Same Market, Different Day

Hey There Income Hunters,


Friday was another example of emotions, instead of real money flow, controlling price action.


Real money flow was signaling a very fragile market … This was clear from the declining number of S&P 500 Index (SPX) stocks trading over the 200-day moving average. 


Market internals don’t lie … they may take a while to impact price, but they tell the true money flow story.


The only changes I see from a third COVID variant are additional headwinds to real growth and additional aggressive monetary stimulus to offset the headwinds.


The reaction yesterday was a typical emotional grab of protection to withstand a breakdown that never materialized because of continued stimulus injected into the market by the Fed and US government.. 


Today, I’ll show you where the stimulus is going and what sectors to focus on into the year’s end. 


Invesco QQQ Trust (Ticker: QQQ)


Tech led the climb back on Monday with names including Nvidia Corp (Ticker: NVDA) and Applied Materials, Inc. (Ticker: AMAT) both up over 5%. 
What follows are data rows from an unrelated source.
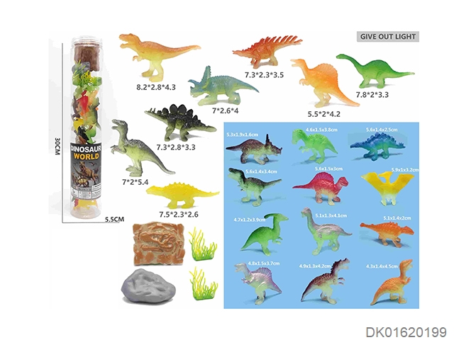 High cylinder 8 and 12 luminous small dinosaurs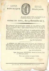 Q.G. du Kaire 29 thermidor VII et 13 vendémiaire VIII (16 août et 5 octobre 1799), signés respectivement par l’adjudant général Henry Sornet et l’adjudant général Jean-Gaspard-Pascal René (Au Kaire, de l’Imprimerie nationale) ; 2 ff. in-fol., le 2e impr. recto-verso, vignettes (bord effrangé et fente au 1er, le 2e lég. rogné sur un bord sans toucher le texte). 29 thermidor. Ordre de Bonaparte de publier en arabe des détails de « la fête du prophète » à laquelle le Général en chef a assisté, au Caire, témoignant du « respect que les Français avaient pour l’Islamisme » ; dons du Général en chef à deux cheikhs « recommandables par leur sagesse et leur piété »... 13 vendémiaire. Ordres de Kléber relatifs à l’habillement des hommes composant le train d’artillerie, à la fixation des prix des effets, à la défense de déporter des grains « ou marchandises quelconques » en Syrie, « sous peine de mort »...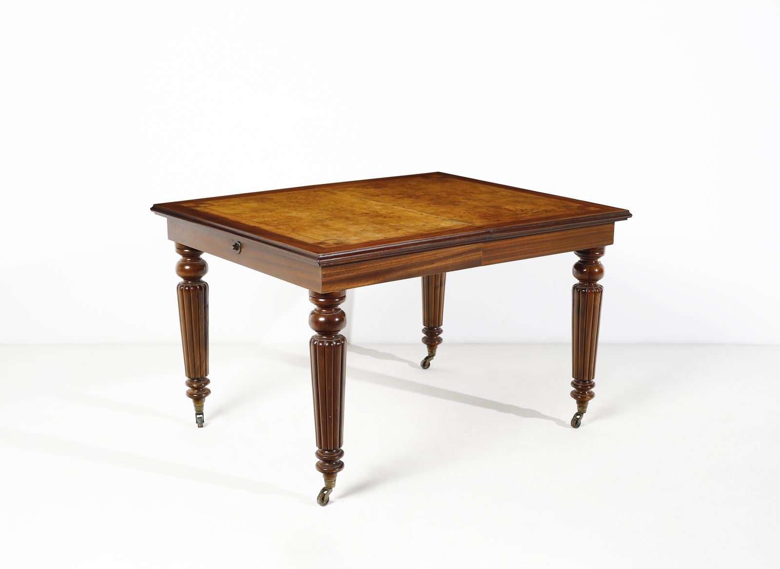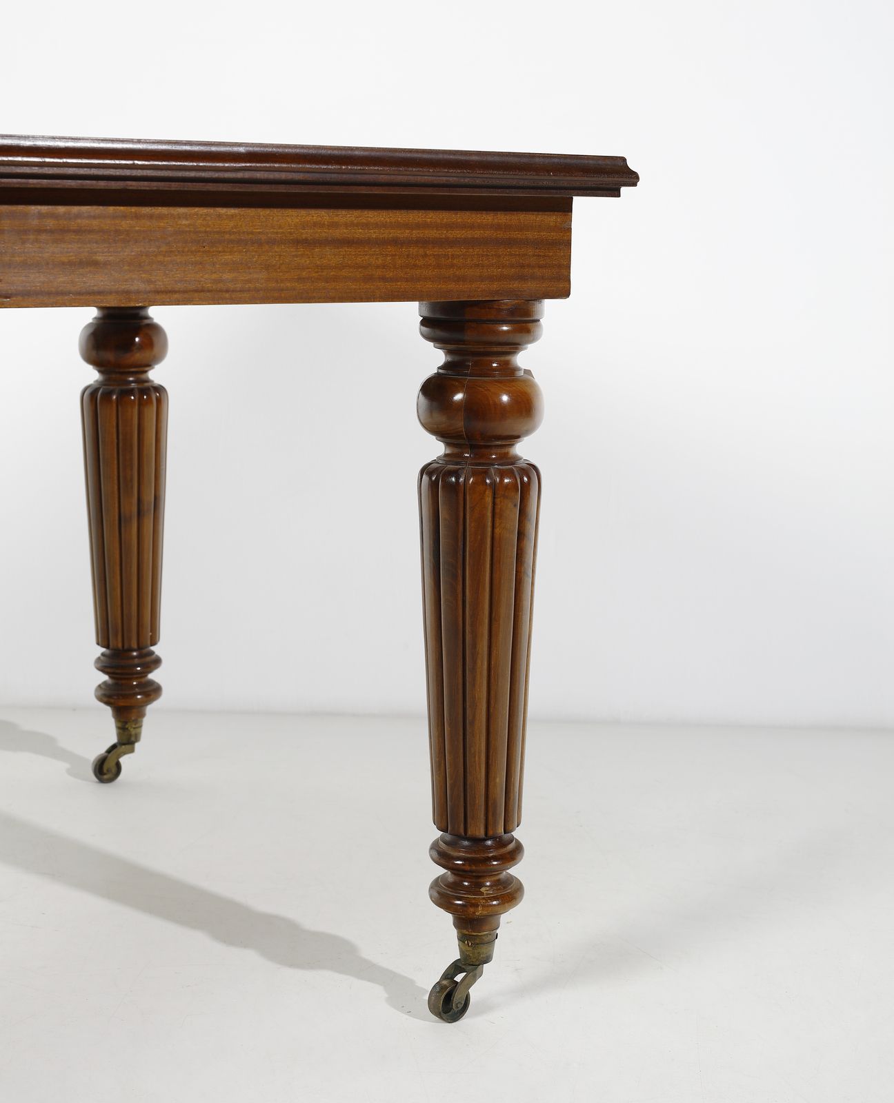 Tavolo da pranzo allungabile in mogano, piano rettangolare, gambe tornite e scanalate [..]
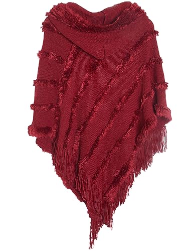 Aivtalk Poncho Hooded Shawl for Women Fringed Hem Cape Knitted Elegant Warm Wrap Tassel Sweater 5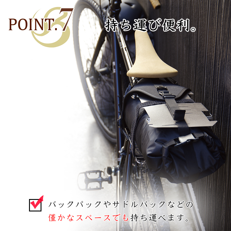 ・バックパックやサドルバックなどの僅かなスペースでも持ち運べます。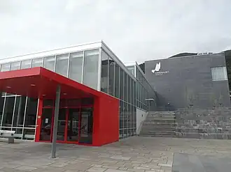 The building also houses a cinema, and a library and is connected to the local upper secondary school. The main stage is 14-metre (46 ft) wide, and 10 m (33 ft) deep, with a capacity of 530 seats. Of these, 218 seats are located in the gallery. When the orchestra pit is in use, capacity is 484. The chamber is specially constructed and adapted for acoustic music, using the same techniques as found in the Oslo Opera House.[26]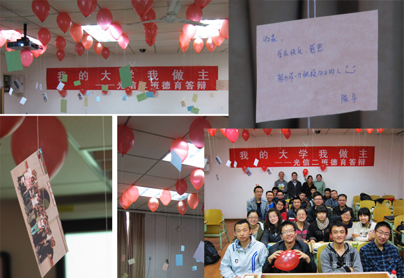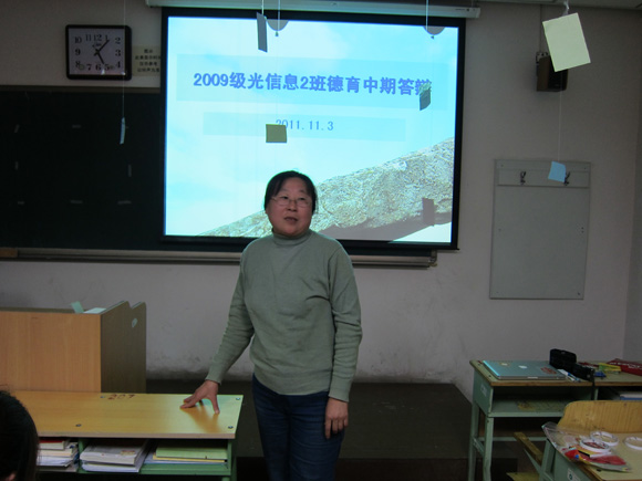 德育答辩当天,班主任徐丽老师、08级光电专业辅导员汤琪老师、09级光电专业辅导员盛筠老师认真听取了同学们充满激情、诙谐机智的答辩,并就同学们的答辩提出了具有深刻内涵的启发性问题,同时对个别同学的困惑给予了充满智慧的建议。会后,班主任徐老师对同学们提出了真诚的寄语“愿同学们把理想付诸实践,增强班级凝聚力,营造积极向上的班风学风;同时把自己塑造成德才兼备的新时代人才。”辅导员盛筠老师也语重心长地教育我们“要强化学习意识的培养,注意选择人生道路方向的重要性;多学习社会经验,拓宽眼界;多方面多角度的看待自己,发掘自己巨大的潜力。”最后盛老师将科比布莱恩的名言赠送给我们:You can do anything you want,if you really want it.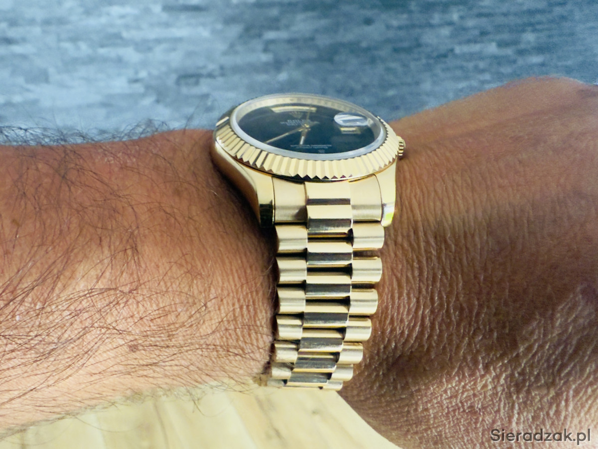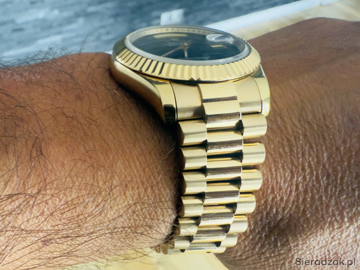 Zegarek posiada rzadką tarcze z onyksu, bransolete prezydencką . Onyx Day-Date to jeden z najbardziej poszukiwanych zegarków z tarcza z kamienia, jakie kiedykolwiek wyprodukowata firma Rolex. Automatic szkło szafirowe , nowy . Bardzo rzadki model trudno dostepny , na żywo prezentuje się niesamowicie sza Zd wola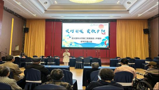 金秋重阳,敬老情浓。为深入贯彻落实国家卫生健康委《进一步改善护理服务行动计划(2023—2025年)》《医学人文关怀提升行动方案(2024-2027年)》及《“十四五”健康老龄化规划》等文件精神,优化老年健康服务供给、提升服务质量。10月29日,重阳节来临之际,遵义医科大学第二附院护理部老年护理小组响应国家政策号召,走进遵义市益养苑,举办“提灯引暖 爱敬夕阳”主题活动,以专业护理与暖心关怀,为院内老人送上节日问候与健康守护。

You could see this one coming. QQQ implied volatility spiked versus historical and that is a signal that speculators were buying puts as opposed to real investors selling longs. 


Check out this graph, which funny enough occurred in September on the day the S&P melted down all morning, reversed in the afternoon and the market resumed the uptrend thereafter. 



The volatility of volatility is such a critical signpost for what the money flows are dictating. 


Actual vol is more associated with real money flows, while implied is the volatility priced into options, so it is more indicative of hedges and retail speculation. 


The Fed Is Playing By a Different Set of QE Rules


The Fed, being the Fed, can play games with the taper and it looks like they are basing it on their reporting of assets held on their balance sheet. 


The central bank reports those numbers weekly and they are good at masking their actual activity. However, the numbers show that they continue to be very supportive of the mortgage market.


Unless they are going to sell a bunch of mortgage bonds into the market today and tomorrow, they will report buying just as many securities this month as last. 


Here are the last three months of QE up to Friday …



This is the “real” money flow and as long as the Fed is pumping $120 billion-plus into the markets they will stay elevated. 


Bring It Home


In this environment, I continue to favor the old energy solutions that are demanded now but restricted from increased production because of the global net-zero policy. 

I had a quick flip on Monday on the Chicago Mercantile Exchange crude oil futures.


I bought a call spread on Friday and I haven’t traded futures much, but I thought they offered the best exposure. I unwound the one-day trade for a 20% return and l am ooking at a couple of coal stocks to carry into Q1 ‘22. 


I also continue to add to my natural resource miners portfolio on pullbacks. I don’t think we will see a big move unless we get an external event … like an announcement from President Biden appointing dovish Fed replacements for the three “empty” seats. 


I would rather add more at lower prices for now because I am confident in the Fed’s intentions and how they will get us there.